- [Work required]
Exact reproduction of the following data is required.

- [Data supplied]
- - - - - - -
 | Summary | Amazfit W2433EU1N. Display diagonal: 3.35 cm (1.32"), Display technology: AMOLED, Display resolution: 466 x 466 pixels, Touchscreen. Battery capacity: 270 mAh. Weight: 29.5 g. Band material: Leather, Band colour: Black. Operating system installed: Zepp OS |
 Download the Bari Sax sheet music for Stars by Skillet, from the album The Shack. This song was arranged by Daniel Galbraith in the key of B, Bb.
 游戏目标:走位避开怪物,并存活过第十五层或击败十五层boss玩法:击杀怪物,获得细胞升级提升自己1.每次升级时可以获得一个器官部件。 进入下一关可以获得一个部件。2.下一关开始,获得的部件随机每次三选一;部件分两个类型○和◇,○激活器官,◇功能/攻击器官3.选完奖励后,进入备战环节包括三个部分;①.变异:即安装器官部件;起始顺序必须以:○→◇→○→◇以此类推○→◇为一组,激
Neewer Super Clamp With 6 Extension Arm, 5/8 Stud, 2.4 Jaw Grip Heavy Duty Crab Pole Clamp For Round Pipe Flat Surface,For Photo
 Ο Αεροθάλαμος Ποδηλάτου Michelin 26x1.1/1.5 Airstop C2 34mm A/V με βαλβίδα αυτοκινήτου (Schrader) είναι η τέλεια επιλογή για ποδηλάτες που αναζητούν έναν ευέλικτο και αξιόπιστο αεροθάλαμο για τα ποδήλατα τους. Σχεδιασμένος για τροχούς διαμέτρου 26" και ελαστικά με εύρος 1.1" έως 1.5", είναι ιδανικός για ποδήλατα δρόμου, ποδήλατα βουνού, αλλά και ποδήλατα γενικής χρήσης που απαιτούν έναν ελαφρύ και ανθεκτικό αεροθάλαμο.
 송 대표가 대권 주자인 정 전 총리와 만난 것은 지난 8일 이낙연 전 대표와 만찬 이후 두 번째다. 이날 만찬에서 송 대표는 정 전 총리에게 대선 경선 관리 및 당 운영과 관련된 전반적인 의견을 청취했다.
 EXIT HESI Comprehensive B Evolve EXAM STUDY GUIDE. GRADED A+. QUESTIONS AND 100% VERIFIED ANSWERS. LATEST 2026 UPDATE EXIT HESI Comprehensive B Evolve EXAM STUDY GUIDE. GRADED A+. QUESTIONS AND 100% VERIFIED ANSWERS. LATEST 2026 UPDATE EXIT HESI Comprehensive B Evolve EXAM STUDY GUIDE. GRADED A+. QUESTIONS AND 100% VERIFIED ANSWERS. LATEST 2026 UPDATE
- - - - - - -
- [Reply to the task]
 | Summary | Amazfit W2433EU1N. Display diagonal: 3.35 cm (1.32"), Display technology: AMOLED, Display resolution: 466 x 466 pixels, Touchscreen. Battery capacity: 270 mAh. Weight: 29.5 g. Band material: Leather, Band colour: Black. Operating system installed: Zepp OS |
 Download the Bari Sax sheet music for Stars by Skillet, from the album The Shack. This song was arranged by Daniel Galbraith in the key of B, Bb.
 游戏目标:走位避开怪物,并存活过第十五层或击败十五层boss玩法:击杀怪物,获得细胞升级提升自己1.每次升级时可以获得一个器官部件。 进入下一关可以获得一个部件。2.下一关开始,获得的部件随机每次三选一;部件分两个类型○和◇,○激活器官,◇功能/攻击器官3.选完奖励后,进入备战环节包括三个部分;①.变异:即安装器官部件;起始顺序必须以:○→◇→○→◇以此类推○→◇为一组,激
Neewer Super Clamp With 6 Extension Arm, 5/8 Stud, 2.4 Jaw Grip Heavy Duty Crab Pole Clamp For Round Pipe Flat Surface,For Photo
 Ο Αεροθάλαμος Ποδηλάτου Michelin 26x1.1/1.5 Airstop C2 34mm A/V με βαλβίδα αυτοκινήτου (Schrader) είναι η τέλεια επιλογή για ποδηλάτες που αναζητούν έναν ευέλικτο και αξιόπιστο αεροθάλαμο για τα ποδήλατα τους. Σχεδιασμένος για τροχούς διαμέτρου 26" και ελαστικά με εύρος 1.1" έως 1.5", είναι ιδανικός για ποδήλατα δρόμου, ποδήλατα βουνού, αλλά και ποδήλατα γενικής χρήσης που απαιτούν έναν ελαφρύ και ανθεκτικό αεροθάλαμο.
 송 대표가 대권 주자인 정 전 총리와 만난 것은 지난 8일 이낙연 전 대표와 만찬 이후 두 번째다. 이날 만찬에서 송 대표는 정 전 총리에게 대선 경선 관리 및 당 운영과 관련된 전반적인 의견을 청취했다.
 EXIT HESI Comprehensive B Evolve EXAM STUDY GUIDE. GRADED A+. QUESTIONS AND 100% VERIFIED ANSWERS. LATEST 2026 UPDATE EXIT HESI Comprehensive B Evolve EXAM STUDY GUIDE. GRADED A+. QUESTIONS AND 100% VERIFIED ANSWERS. LATEST 2026 UPDATE EXIT HESI Comprehensive B Evolve EXAM STUDY GUIDE. GRADED A+. QUESTIONS AND 100% VERIFIED ANSWERS. LATEST 2026 UPDATE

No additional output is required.